How does the rosy, unrealistic light of Hollywood color death? The cancer patient yells a vigorous, “Fuck you, death! I will FIGHT against you! Watch me flip you the bird!” And off that sick, dying person goes to climb Mount Everest, see the sunset over elephants in Africa, or to claim that sweetheart they left in Italy when the war ended. They call up the estranged family members and over home-cooked meals they come to new understandings, embrace tearfully and the family is intact again. Given the gift of a little more time, the dying right the wrongs, and the wronged forgive the past transgressions. Usually someone has a baby, thus hitting us over the head with the message, “Miraculous life goes on, dammit!”
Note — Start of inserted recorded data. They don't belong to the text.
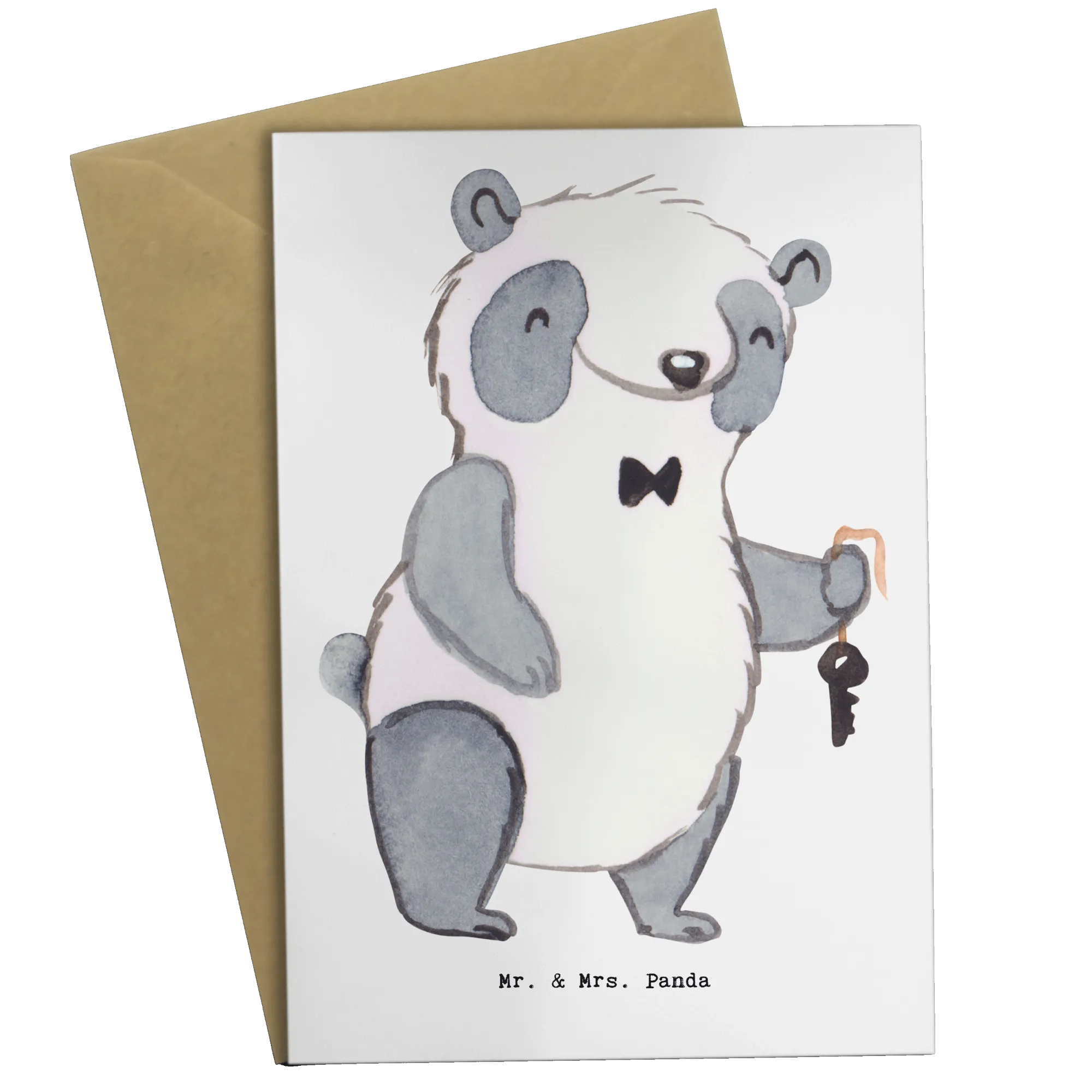Die Grußkarte "Vermieter mit Herz" von Mr. & Mrs. Panda ist das perfekte Geschenk für alle, die die Liebe zu ihrem Beruf feiern möchten! Mit einem süßen Panda, der einen Schlüssel in der Hand hält, und dem Spruch "Du bist nur ein halber Mensch, wenn du kein Vermieter bist", zaubert diese Karte ein Lächeln auf jedes Gesicht.
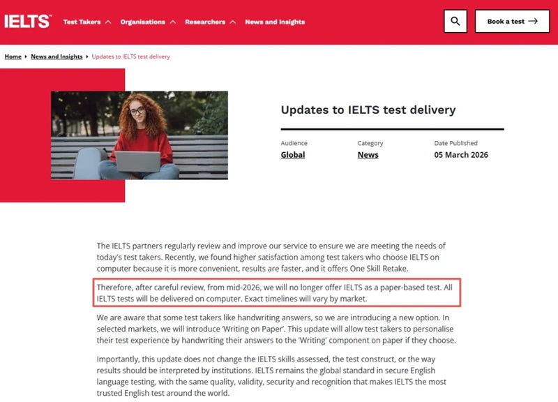 “留学圈炸锅了!2026年3月5日,雅思官方正式发布重磅公告:自2026年年中起,将全面取消雅思纸笔考试,所有雅思考试将统一转为机考形式,具体实施时间将根据不同市场略有差异,其中用于英国签证及移民的UKVI考试将率先取消纸笔形式,大陆地区最后一批纸笔考位已同步释放,截止6月28日后,将彻底告别纸笔雅思时代。”
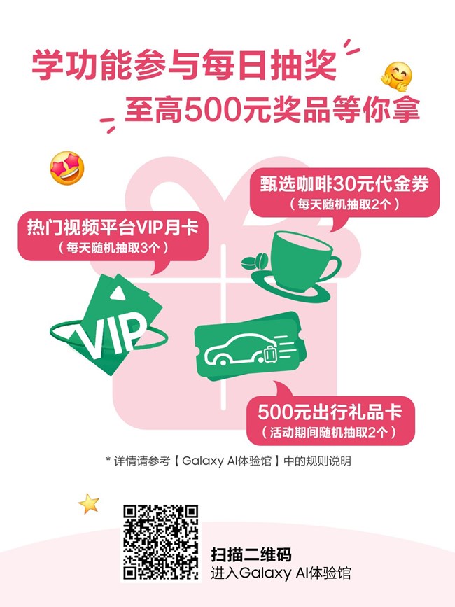 (*活動規(guī)則、獎品詳情詳情請以Galaxy AI體驗館內活動規(guī)則說明為準)
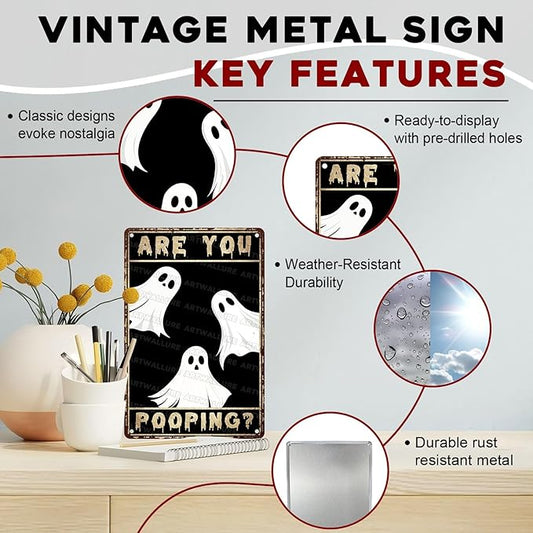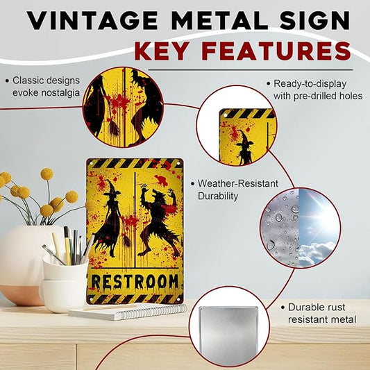 Halloween Restroom Decor Vintage Rustic Wall Art Retro Tin Plaque Iron Painting Funny Toilet Door 8x12inch

The dying person ecstatically throw their grateful-for-just-one-more-moment arms around THIS BEAUTIFUL WORLD. At the conclusion of 90 to 120 minutes, both the departing and the ones they leave behind make peace with the circle of life and hold bouquets at the picturesque rural family cemetery. Tearful family members give speeches about how valuable life is and how we have only one to live. We need to treasure every single last second.

There’s a grumpy 67-year-old man drinking tea at his kitchen table in rural southwestern Germany who’s saying, “Fuck all this bullshit.” My father-in-law remains firmly himself as he puts his own death under a microscope and dissects its meaning. He meets death on his own terms, as we all must.

He doesn’t look back and think much about the three wonderful children he helped raise. He thinks about his mistakes and about how he now feels it’s too late to go back and try to work out past hurts.

Did he wish to travel anywhere one last time, maybe his favorite place, Greece? No.

Did he want to gather his siblings and half-siblings, many estranged, for a last reunion? No.

Are we also to blame? Do we take his rejections to our ideas too easily for fear of appearing like we’re harassing him? Are we too extreme in agreeing with him that his death belongs to him?

The diaries he kept intermittently throughout his life he burned. He didn’t want to be misinterpreted, with no opportunity to explain what he’d written.

He wants to walk the gray-green fields next to the train tracks, through the blackened, broken cornstalks. He wants to get through books, as reading helps pace the long days. Pages help heave down the curtain of night. Every moment precious? To him, every moment is torture. Waiting for the inevitable, and not knowing if it will painful, if he will be awake, if he will be lucid.

Who will be there? Will Chris and I decide to make a mad dash to Frankfurt International Airport to be at the deathbed? Will we come later, when Irmel sits alone, truly alone, with the lifelong demons of her bipolar disorder and the ghosts of past suicide attempts?

I don’t think my father-in-law wants any lasting monuments. He is to be cremated and placed in the 4-space plot with his wife’s parents. There is to be a simple service, ending with coffee and cake. He wants Chris to read a speech that he has already prepared. And then I believe he wants to disappear. He is happy to be forgotten. Do not roll the credits.